4. Soweit der Klägerbevollmächtigte schließlich auf den Beschluss des Bayerischen Verwaltungsgerichtshofs vom 10. Februar 2009 (15 CS 08.2606 – juris) und auf das Urteil des VGH Mannheim vom 16. Mai 2002 (3 S 1637/01 – juris) verweist, sind jene Fallgestaltungen auf den vorliegenden Fall nicht übertragbar. Unabhängig davon, ob die baurechtlichen Gegebenheiten und die konkreten Betriebsabläufe der jeweiligen Anlagen überhaupt vergleichbar sind, ging es in jenen Fallgestaltungen um die bauplanungsrechtliche Zulässigkeit der jeweiligen Werkstatt in einem faktischen Dorfgebiet und nicht in einem Allgemeinen Wohngebiet. Damit stellte sich in beiden Fällen überhaupt nicht die hier relevante Frage, ob von einer in einem Allgemeinen Wohngebiet „störenden“ Betriebsform auszugehen ist. Vielmehr war aufgrund der Annahme eines faktischen Dorfgebiets ein anderer Prüfungsmaßstab bzw. ein geringeres Schutzniveau anzulegen, nämlich die Frage, ob es sich um einen darin „wesentlich störenden“ Gewerbebetrieb i.S.v. § 5 Abs. 1 BauNVO bzw. um einen „sonstigen“ Gewerbebetrieb i.S.v. § 5 Abs. 2 Nr. 6 BauNVO handelte. Dementsprechend lassen sich die in den zitierten Entscheidungen getroffenen rechtlichen Einschätzungen auf die vorliegende Fallkonstellation nicht übertragen.
5. Damit erweist sich das Bauvorhaben der Klägerin wegen eines Verstoßes gegen die Festsetzungen des Bebauungsplans nach § 30 Abs. 1 BauGB als bauplanungsrechtlich unzulässig. Offenbleiben kann, ob das Vorhaben darüber hinaus aus einem weiteren Grund als bauplanungsrechtlich unzulässig einzustufen ist, nämlich weil es nach Anzahl, Lage, Umfang oder Zweckbestimmung der Eigenart des Baugebiets widerspricht (§ 15 Abs. 1 Satz 1 BauNVO) oder weil – etwa mit den zu erwartenden Auswirkungen auf die jeweils mit einem Wohnanwesen bebauten Grundstücke Fl.Nrn. …3/5 und …3/2 der Gemarkung Ebelsbach – ein Verstoß gegen das in § 15 Abs. 1 Satz 2 BauNVO verankerte bauplanungsrechtliche Gebot der Rücksichtnahme vorliegt. Hierauf muss seitens der Kammer mangels Entscheidungserheblichkeit nicht näher eingegangen werden.

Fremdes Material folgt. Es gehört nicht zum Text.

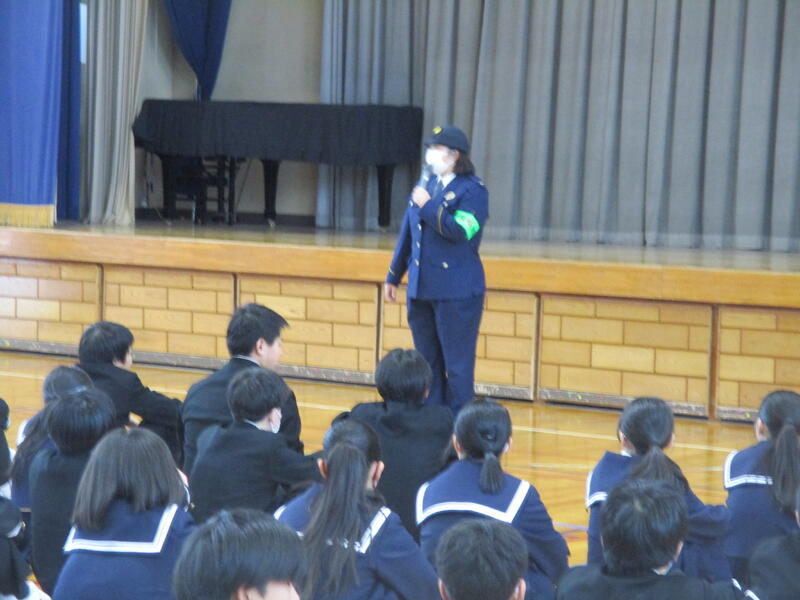 1月29日(木)、小松警察署生活安全課の方をお招きして、不審者対応避難訓練を行いました。不審者役はプロの警察の方にして頂くことになっていたので、先生方の事前研修での様子は真剣そのもの。さすまたの使い方や間合いの取り方、護身術など実践的な内容で研修を行いました。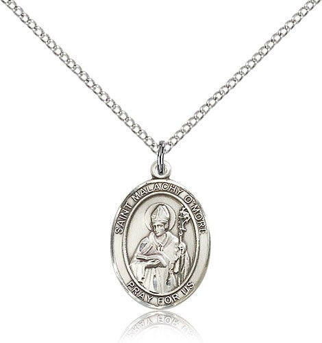 St. Malachy O'more Medal This St. Malachy O'more Pendant is made of sterling silver and is approximately the size of a nickel. The jewelry pendant is paired with an 18 inch sterling silver light curb chain as pictured. All medals are gift boxed in a beautiful blue velvet hinged jewelry gift box.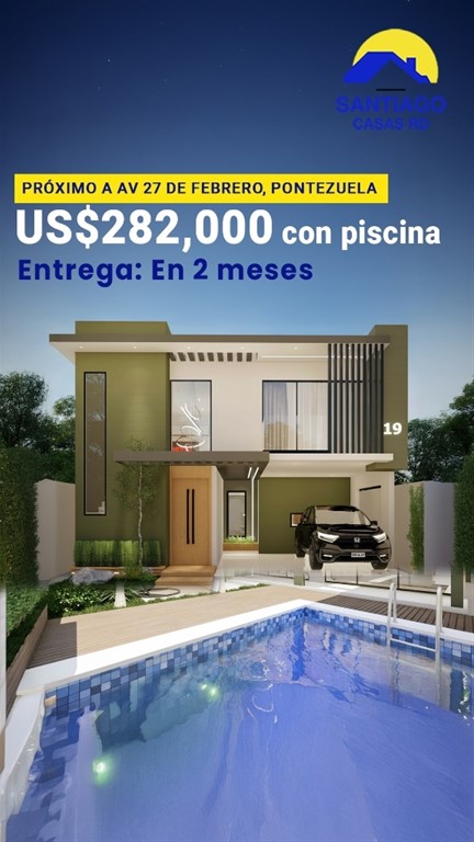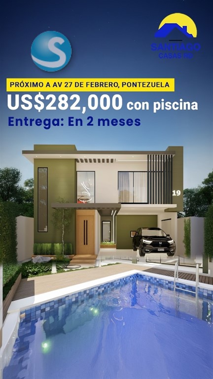 ¡La casa de tus sueños está a la venta! ?? Casa ubicada en el Residencial Palmas del Valle, Pontezuela, Santiago. Cuenta con amplios espacios para ofrecer a sus residentes un estilo de vida saludable y exclusivas áreas de recreo para el disfrute de todos. Amenidades: ? Intercom ? Residencial cerrado ? Portón eléctrico ? Cisterna ? Seguridad 24/7 ? Área verde ? Piscina ? Patio 216 Metros de Construcción | Casa de dos niveles: ? Sala ? Recibidor ? Comedor ? Cocina con Isla ? Area de lavado ? Terraza 2do nivel ? 1 hab. principal con baño, walking closet y balcón ? 2 hab. secundarias con baño común ? Closet de ropa blanca ? Calentador ? Bomba de agua ? Marquesina doble PRECIO: US$282,000.00 con la piscina incluida US$266,000.00 sin la piscina ¡Entrega en 2 meses!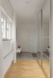 Hall: Hallen har goda ytor för både avhängning och ger plats åt en förvaringsmöbel. Vid entrédörren ligger ett mörkt klinkergolv och i taket sitter spotlights för en behaglig ljussättning. I anslutning till hallen finns även en större klädkammare.
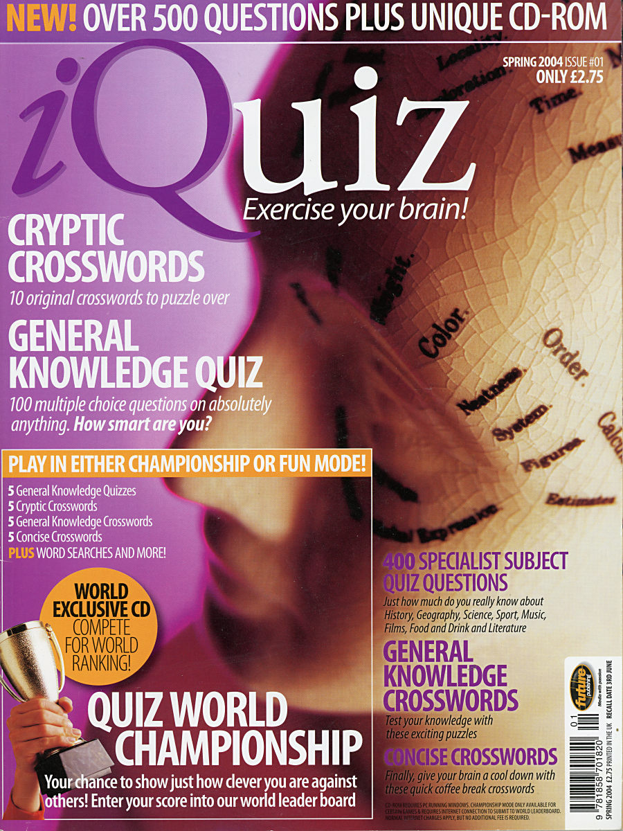 What started as a new publication turned out to be the only issue, and it's nothing to do with a certain fruit named technology firm either. There are three pages describing the unique and world exclusive CD-ROM, two phrases that seem redundant. The disc has 5 sets of 4 different crossword types, plus word searches and jigsaws. If you play the crosswords in competition mode you can enter your name and town and enter your score to the world league (they were abitious if nothing else). Then in the magazine you have 10 Cryptic crosswords, 10 General Knowledge ones and finally 10 Concise ones. Except you don't; there are 10 cryptic ones, but only 4 general knowledge ones and 11 concise ones. I checked that the answers near the back are correct but mislabelled. Then there is a 100 question multiple choice quiz, 50 questions on literature and language (the last ten are super hard), 50 questions on film and television, 50 on food and drink, 50 on geography 50 on science, maths and nature, 50 on history, 50 on music and 50 on sports, games and pastimes. Scattered amongst these are adverts for books and websites, boxes with facts about chocolate, the different champagne bottle sizes, the Bond filmography and other interest stuff, like the longest serving actress in Hollywood (Lillian Gish, who was credited in films from 1912 to 1987). The answers section has a little bit of extra info with the answers and the last page has a 20 question quiz about quotations. I suspect it would only be published four times a year as this issue is marked as Spring 2004, but even then I think they would have had difficulty generating the questions.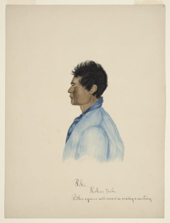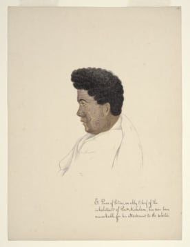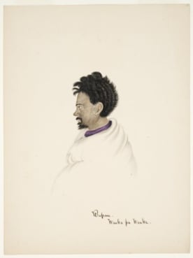 Head and shoulders profile portrait of Maori man, probably of Motueka and a past student of Rev. C.Reay. Coates, Isaac, 1808-1878. [Coates, Isaac] 1808-1878 :Piki. Kohiri tribe. Rather a genius well versed in reading and writing. [1843?]. Ref: A-286-010. Alexander Turnbull Library, Wellington, New Zealand. http://natlib.govt.nz/records/22775518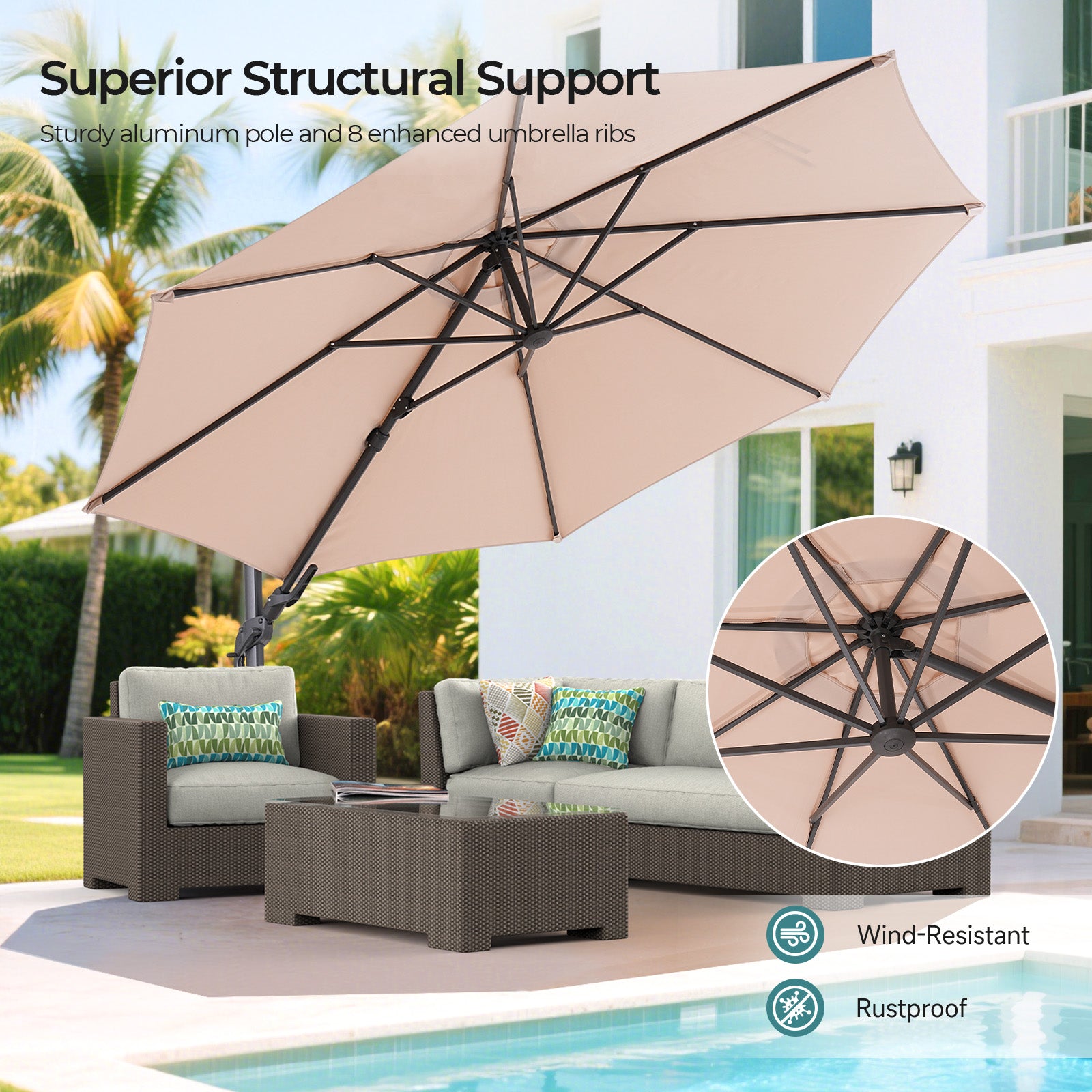 Vitarpatio 11ft Outdoor Patio Umbrella, 360° Rotation Large Cantilever Offset Umbrella Round Hanging Market Umbrella with Crank and Tilt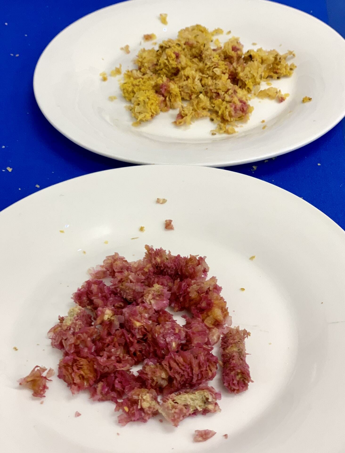 When soybean is PROPERLY cooked, there should be ZERO trace of pink, as shown in the sample on the right here of well extruded full fat soybean. The sample on the left is raw, ground full fat soybean. It is, of course, bright pink… just to show how much the bean itself reacts with this colour test BEFORE it is cooked.
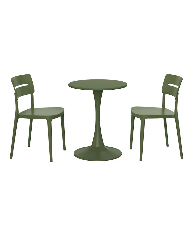 Elevate your outdoor gatherings with this two person dining table set. The round dining table, crafted from a durable metal material has a rust-resistant e-coating that ensures the tables longevity and has a wide flat base to reduce wobbling and promotes stability. Complementing the table are two stackable patio chairs, designed for space-conscious living. Made from Uv-resistant polypropylene resin, these lightweight chairs allow for effortless rearrangement, adapting to your evolving patio aesthetic. The patio dining chairs arched curved backrest offers a more comfortable design and the open backrest promotes better airflow to keep you cool during the warmer days. Enjoy instant gratification with the fully assembled chairs, while the table's assembly allows for quick setup, making it the perfect centerpiece for your outdoor retreat ensuring this 3-piece round patio dining table set for 2 is the perfect set for your patio this season.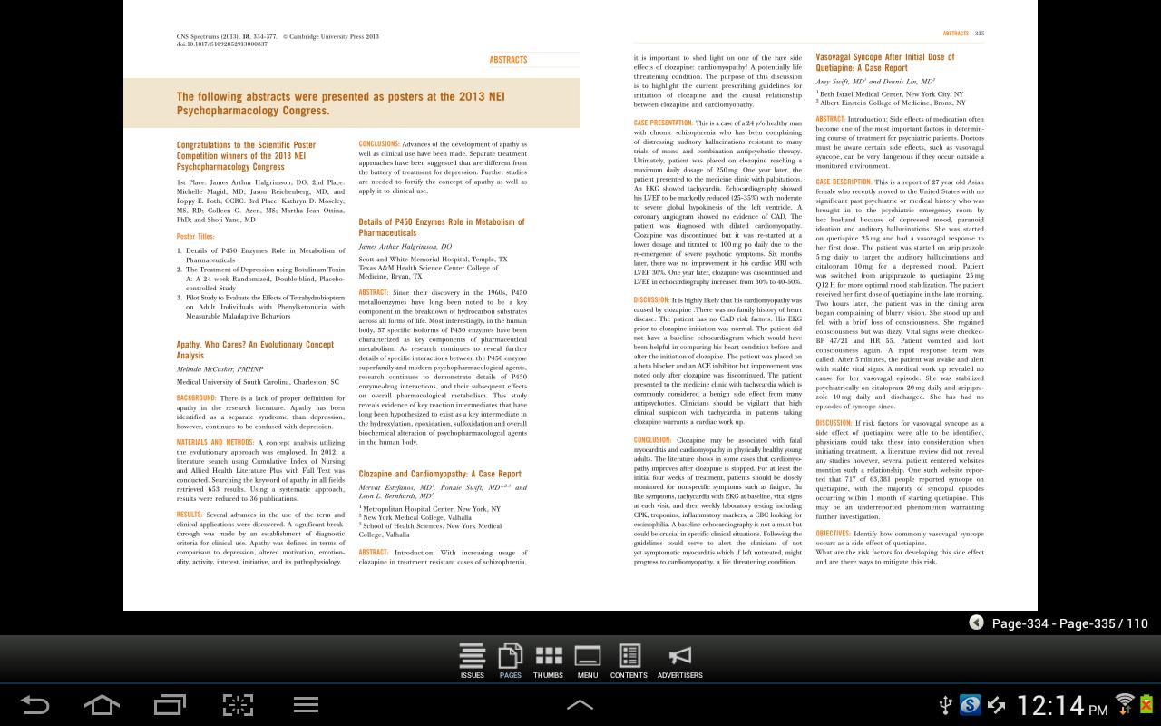CNS Spectrums se unió al programa Cambridge en 2012. CNS Spectrums es un índice Medicus/Medline Journal diseñado para cerrar las necesidades de información clínica de psiquiatras y neurólogos. El editor en jefe, el Dr. Stephen M. Stahl, formará una nueva junta editorial y desarrollará los objetivos y el alcance de la revista para cerrar completamente las necesidades de información clínica de psiquiatras y neurólogos.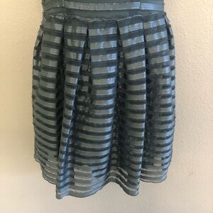 H&M Olive Striped Mesh Spaghettini Straps Fit & Flare Mini Dress Size S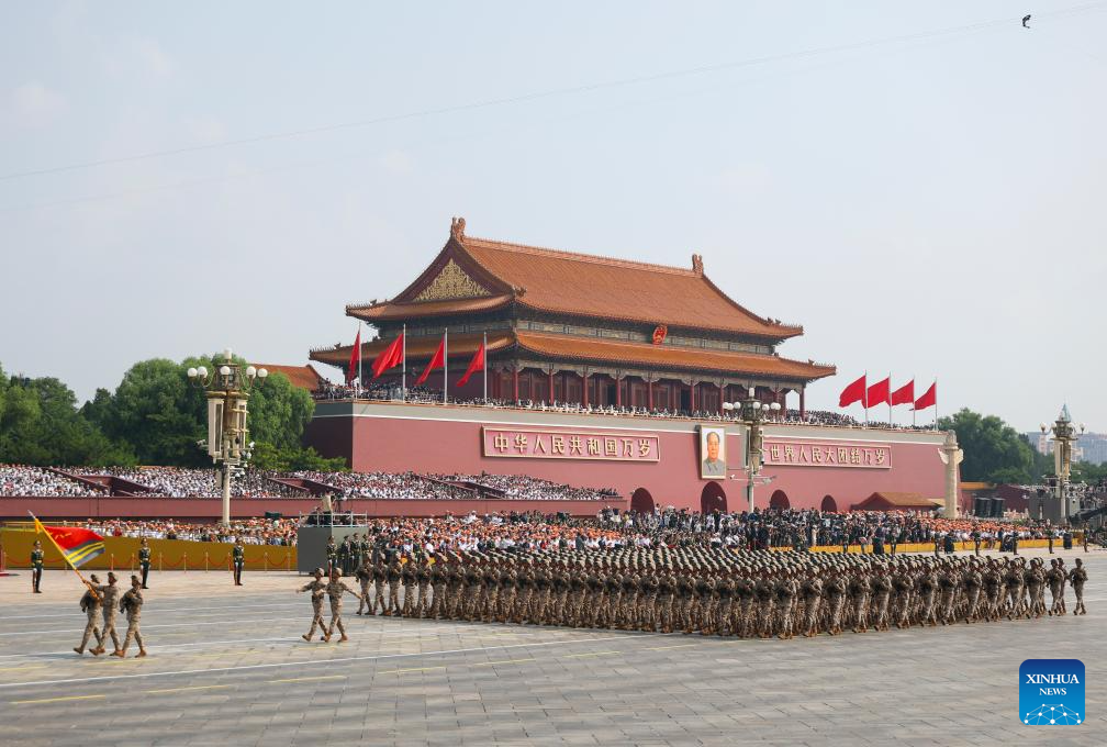 The hero units' banner formation attends a military parade in Beijing, capital of China, Sept. 3, 2025. China on Wednesday held a grand gathering to commemorate the 80th anniversary of the victory in the Chinese People's War of Resistance against Japanese Aggression and the World Anti-Fascist War. (Xinhua/Ma Ning)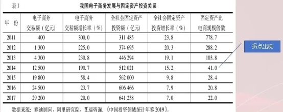 2014年是一个明显的转折点,电子商务交易额急剧增长,而全社会固定资产投资增长率开始从两位数向一位数下滑。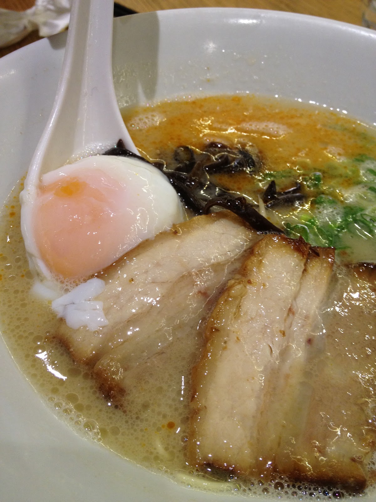 精心慢熬而成的豚骨湯頭盛上薄切叉燒跟博多特有的極細麵條,外加一顆白玉蛋,看似簡單卻層次豐富的湯頭讓人忍不住一口接一口!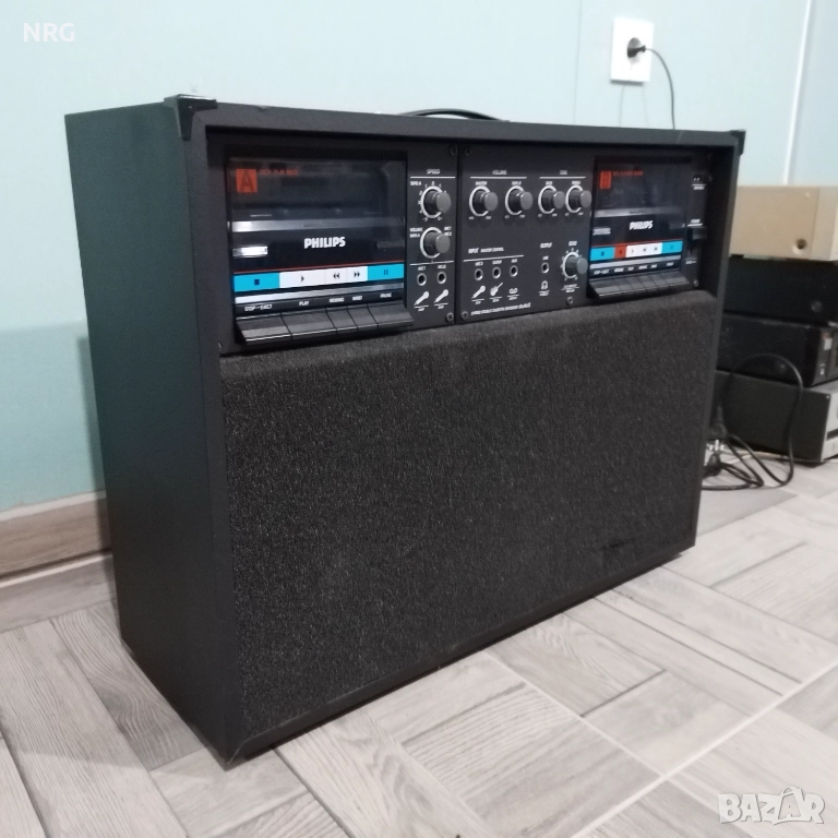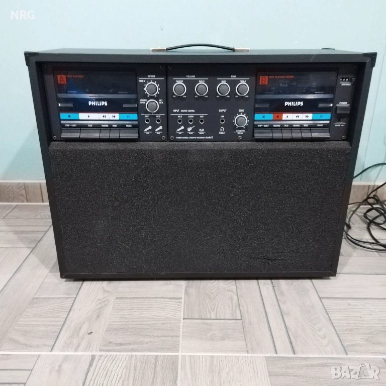 Произведен 1989 година!Като чисто нов и напълно работещ!Двоен дек с регулиране на скоростта на гнездо А. Възможност за включване на 3 микрофона,китара,слушалки и AUX. Ехо ефект, регулиране на ниски и високи. Възможност за външно захранване 12 волта. Тегло 9 кг. Размери 580/460/210 мм.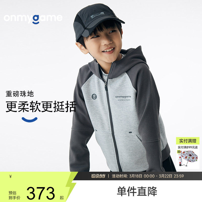 onmygame儿童运动外套秋季男女童户外连帽保暖上衣...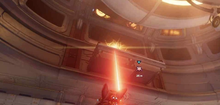 Второй робошпион в этой локации будет досягаем только после того, как вы получите особый хук для желтых платформ на планете Торрен-4. Используйте открытую способность справа от фиолетового портала-входа в бар Зурки – персонажа катапультирует прямо на платформу, где находится робошпион.
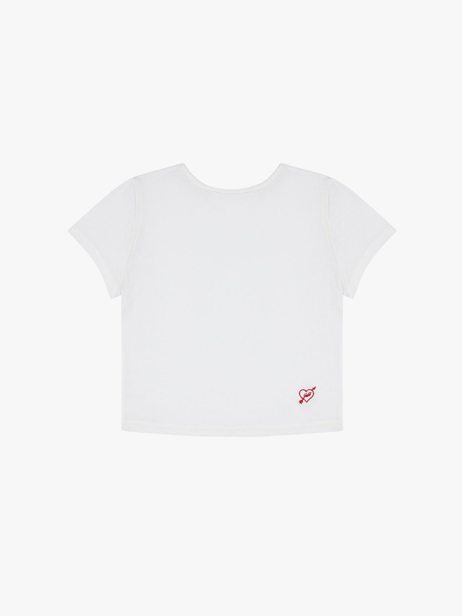 The Jude Tee in a solid white is a true staple for any wardrobe. This cotton tee has a boxy, cropped silhouette. Made to have a vintage-feel. Featuring our signature Gah! embroidery at the bottom hem.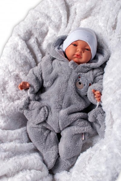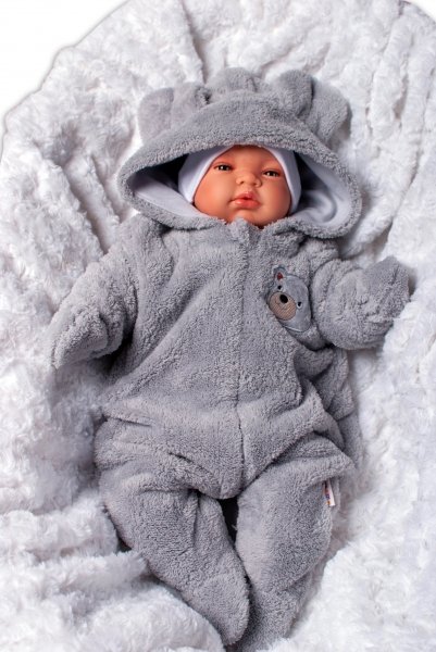 Baby Nellys Chlupáčkový overal Luna s kapucí + rukavičky, Medvídek

6. Im Ergebnis hat die Klägerin keinen Anspruch auf Erteilung des begehrten Vorbescheids. Der ablehnende Bescheid des Landratsamts Haßberge vom 25. Mai 2020 erging rechtmäßig und verletzte die Klägerin nicht in ihren Rechten.
Die Kostenentscheidung ergibt sich aus § 154 Abs. 1 VwGO. Da sich die Beigeladene nicht durch eigene Antragstellung am Prozesskostenrisiko beteiligt hat, entsprach es der Billigkeit, ihre außergerichtlichen Aufwendungen nicht für erstattungsfähig zu erklären (§ 162 Abs. 3 i.V.m. § 154 Abs. 3 VwGO).
Die Entscheidung über die vorläufige Vollstreckbarkeit beruht auf § 167 VwGO i.V.m. §§ 708 ff. ZPO.